The OTP is a console unique region from which console specific keys seem to be derived, although it is unknown how.

The OTP is a requirement to use arm9loaderhax, which gets you, among other things, 100% boot rate, RedNAND boot speed almost as fast as regular sysNAND (using something like Luma3DS), and very early Arm9 access. In the future, this will allow for running things like Decrypt9 to unbrick yourself without a hardmod and other awesome tools.

Since version 3.0, the OTP is locked out early in sysNAND boot. There is a New 3DS only exploit that works on 9.6, but it requires extra hardware. The solution we are using is to downgrade RedNAND (to ensure we don't partial downgrade) to 2.1, then flash RedNAND to sysNAND to get the OTP.

If you have an existing EmuNAND, you can follow this part without switching to RedNAND by following all RedNAND steps as if they said EmuNAND.

More info here and here.

Your RedNAND SecureInfo_A MUST be the same as your SysNAND SecureInfo_A or you will BRICK. If you have changed your RedNAND region or otherwise modified SecureInfo_A in any way, you MUST create a NEW RedNAND or you will BRICK.

You MUST downgrade with the correct pack for your console region or you will BRICK.

If you are using ReiNand, you MUST be using the latest version (v4.1 or above) or you will be unable to downgrade NATIVE_FIRM on EmuNAND/RedNAND and PlaiSysUpdater will fail 100% of the time.

Overview of steps

In this section, we will be downgrading to 2.1.0 in order to take advantage of an oversight in 2.1.0 for the purpose of extracting the OTP unique to your console.

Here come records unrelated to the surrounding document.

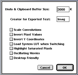 NIH Imageは,ダウンロードしたフォルダ内の顕微鏡のアイコンをダブルクリックすると起動します.メモリの割り当ては,なるべく多めにして下さい.初期設定は,OptionメニューからPreferencesを選び,Undo&Clipboard
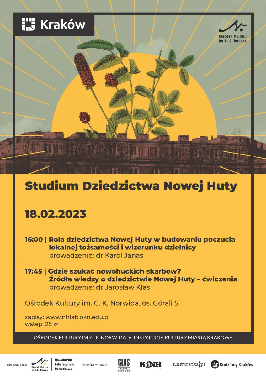 W lutym, w ramach Studium Dziedzictwa Nowej Huty, zapraszamy na wykład prowadzony przez dr. Karola Janasa oraz ćwiczenia prowadzone przez dr. Jarosława Klasia. Szczegółowe informacje dotyczące zajęć oraz zapisów znajdują się poniżej.
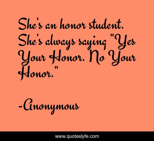 This page presents the quote "She's an honor student. She's always saying "Yes Your Honor. No Your Honor."". Author of this quote is Anonymous. .
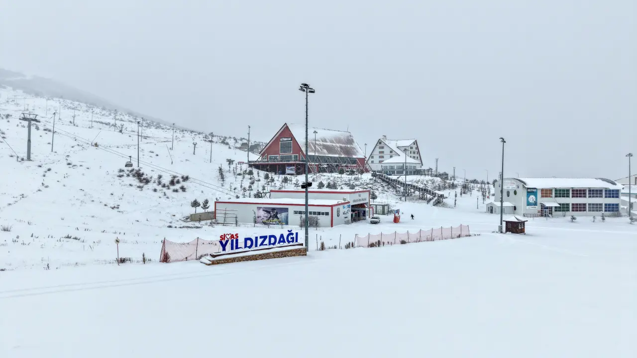 Sivas’taki Yıldız Dağı Kış Sporları ve Kayak Merkezi’nde kar kalınlığı 15 santimetreye ulaştı.

This OTP file is required to install arm9loaderhax, and cannot be shared with other consoles.

This is accomplished by making backups of both RedNAND and SysNAND, then preparing them for downgrading. We prepare for downgrading by putting all files for various needed applications on the SD card (including injecting FBI, which is an installer for applications in CIA format), then formatting the RedNAND.

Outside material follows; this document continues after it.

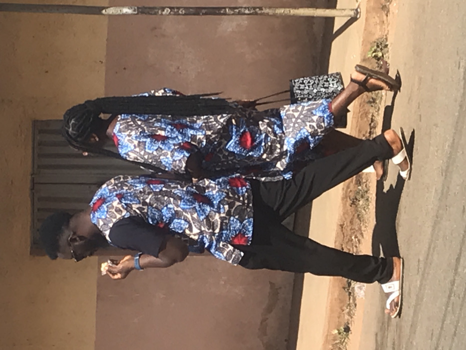 - "Two individuals, a man and a woman, are depicted walking side-by-side from left to right on a paved surface under bright sunlight in Jos, Nigeria" by FM-6DVA23, licensed under CC BY 4.0
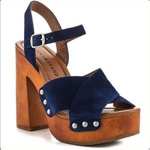 Navy Blue Suede Open Toe Platform Heel Sandal

We use the RedNAND for the actual downgrade procedure, rather than SysNAND, because if something installs improperly or goes wrong then you are left with a broken RedNAND (which can be easily restored from SysNAND) rather than being left with a broken SysNAND which would be a brick (nonfunctional console).

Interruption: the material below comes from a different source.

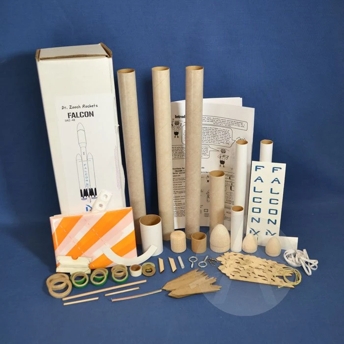 | Semi-Scale reproductionΒ of the SpaceX heavy lift launch vehicle Classic rocketry materials | balsa nose cones, basswood fins, paper tubes Includes waterslide decals Small payload bay – perfect for Tesla roadsters, or altimeters Made in USA |

Before downgrading the RedNAND, we first format it twice (after making a backup). The formatting itself is done to avoid any conflicts with installed user titles and further increase the safety of the process.

The reason we format twice, rather than just once, is because RedNAND and SysNAND are determined to be linked if they have both been formatted the same number of times (since the creation of RedNAND).

In the case of most users, since you formatted SysNAND in Part 3, formatting the RedNAND will bring the format count for each NAND up to 1 format which will relink them and cause them to read from the same SD card folders. In our testing, linked NANDs exhibited weird behaviors during the 2.1.0 downgrade process, and because of this we format RedNAND a second time to unlink them again.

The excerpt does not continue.